La complainte de Cadieux
« Petit rocher de la Haute-Montagne,
Je viens ici finir cette campagne!
Ah! Doux échos, entendez mes soupirs,
En languissant, je vais bientôt mourir!
Petits oiseaux, vos douces harmonies,
Quand vous chantez, me rattachent à la vie:
Ah! Si j’avais des ailes comme s vous,
Je s’rais heureux avant qu’il fut deux jours!
Seul dans ces bois, que j’ai eu de soucis,
Pensant toujours à mes si chers amis;
Je demandais: hélas! Sont-ils noyés?
Les Iroquois les auraient-ils tués?
Un de ces jours que m’étant éloigné,
En revenant je vis une fumée;
Je me suis dit: Ah! Grand Dieu! Qu’est ceci?
Les Iroquois m’ont-ils pris mon logis?
Je me suis mis un peu à l’ambassade,
Afin de voir si c’était embuscade;
Alors je vis trois visages français.
M’ont mis le cœur d’une trop grande joie!
Mes genoux plient, ma faible voix s’arrête,
Je tombe… hélas! À partir ils s’apprêtent:
Je reste seul… pas un qui me console,
Quand la mort vient par un si grand désole!
Un loup hurlant vient près de ma cabane,
Voir si mon feu n’avait plus de boucane!
Je lui ai dit: Retire-toi d’ici;
Car ma foi, je perdrai ton habit!
Un noir corbeau volant à l’aventure,
Vient se percher tout près de ma toiture;
Je lui ai dit: Mangeur de chair humaine,
Va-t-en chercher autre viande que mienne.

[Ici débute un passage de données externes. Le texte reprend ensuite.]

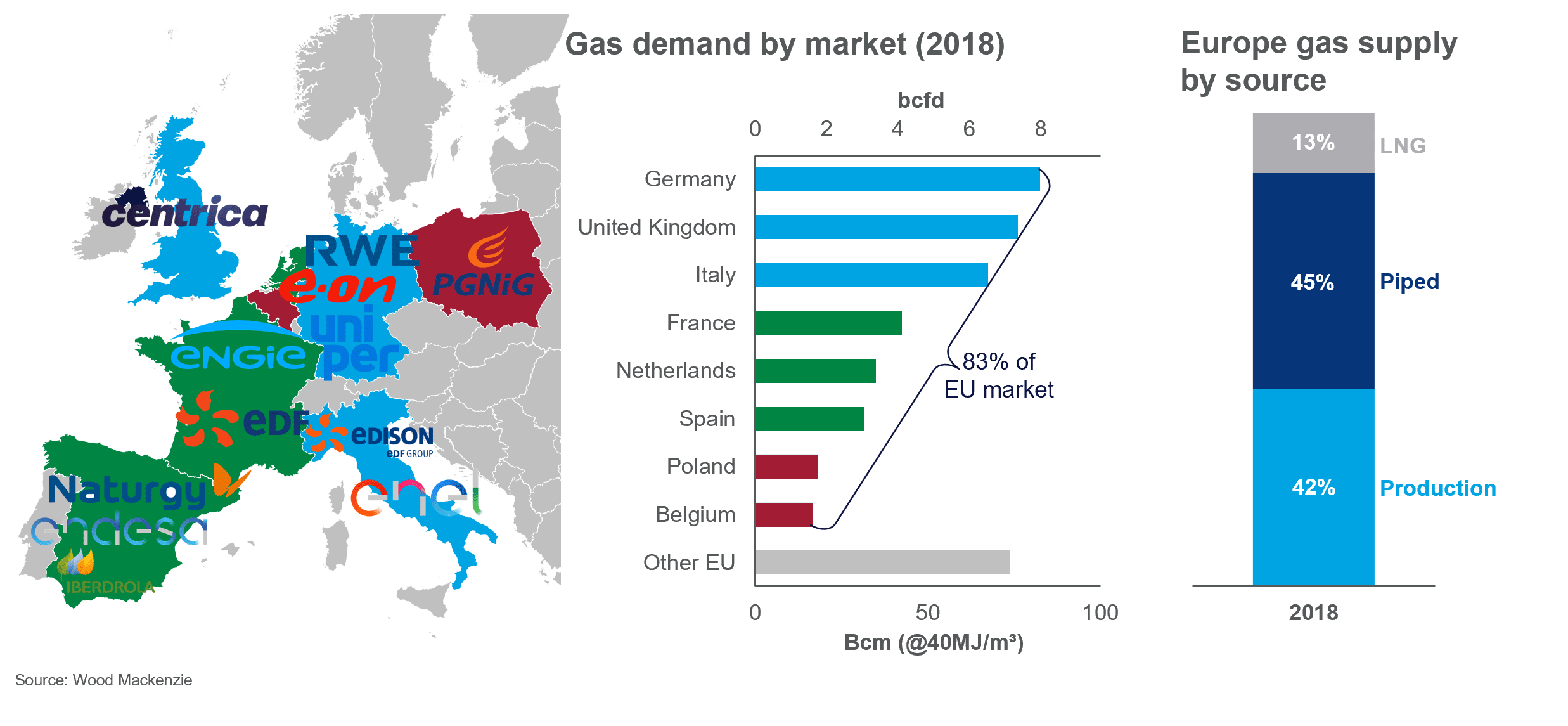 Utilities dominate the wholesale and retail sectors across Europe’s largest gas markets. Supplies are underpinned by long-term, legacy pipeline contracts.

Va-t-en là-bas dans ces bois et marais,
Tu trouveras plusieurs corps iroquois;
Tu trouveras des chairs aussi des os;
Va-t-en plus loin, laisse-moi en repos!
Rossignolet, va dire à ma maîtresse,
À mes enfants, qu’un adieu je leur laisse,
Que j’ai gardé mon amour et ma foi,
Et désormais faut renoncer à moi!
C’est donc ici que le monde m’abandonne,
Mai j’ai recours en vous Sauveur des hommes!
Très-sainte Vierge, ah! M’abandonnez pas,
Permettez-moi de mourir entre vos bras!»
Source: du Québec, Tome II, pages 207, 208 et 209
La région située le long de la rivière des Outaouais n’est pas colonisée durant le régime français afin de maintenir la traite des fourrures avec les Amérindiens qui y habitent. Les Français maintiennent une garnison militaire dans plusieurs forts le long de l’Outaouais dont le fort Coulonge4. Les fourrures y sont livrées, puis on les acheminent sous escorte vers les grands centres de la colonie. Après 1763, les Britanniques ont le même souci de décourager l’installation de colons.
En mai 1709, Jean Cadieux, né à Boucherville le 12 mars 1671, fils cadet de Jean Cadieux et de Marie Valade, meurt de blessures et d’épuisement en voulant sauver ses compagnons de voyage des attaques des Iroquois. Des canotiers venus d’Oka ont trouvé son corps, en haut des Sept Chutes du Grand Calumet, tenant dans ses mains un texte écrit sur un écorce de bouleau, relatant sa mort, à l’origine de la légende La complainte de Cadieux.
Voici un extrait du texte de la Complainte de Cadieux (extrait de Forestiers et Voyageurs, Chapitre XV, de Jean-Charles Taché5):
« Petit rocher de la haute montagne, je viens ici finir cette campagne!Ah! doux échos, entendez mes soupirs en languissant, je vais bientôt mourir. »Cadieux s’engage depuis 1695 pour conduire des canots dans la région des Grands Lacs pour en ramener des fourrures. Il épouse le 30 mai 1695 à Boucherville, Marie Bourdon, né le 11 août 1675 au même endroit. On dit de cette dernière qu’elle est algonquine. Ses parents, possiblement adoptifs, sont Jacques Bourdon (1650-1724) et Marie Ménard (1658-1726), tous deux nés en France. Après la mort de Jean Cadieux, elle épouse Antoine Quenneville le 26 mai 1710 à Longueuil.
Il avait donc écrit sa complainte, son chant de mort sur un feuillet d’écorce et s’endormit pour ne plus jamais se réveiller…
Je ne savais pas qu’un de mes ancêtres écrivait si bien que ça.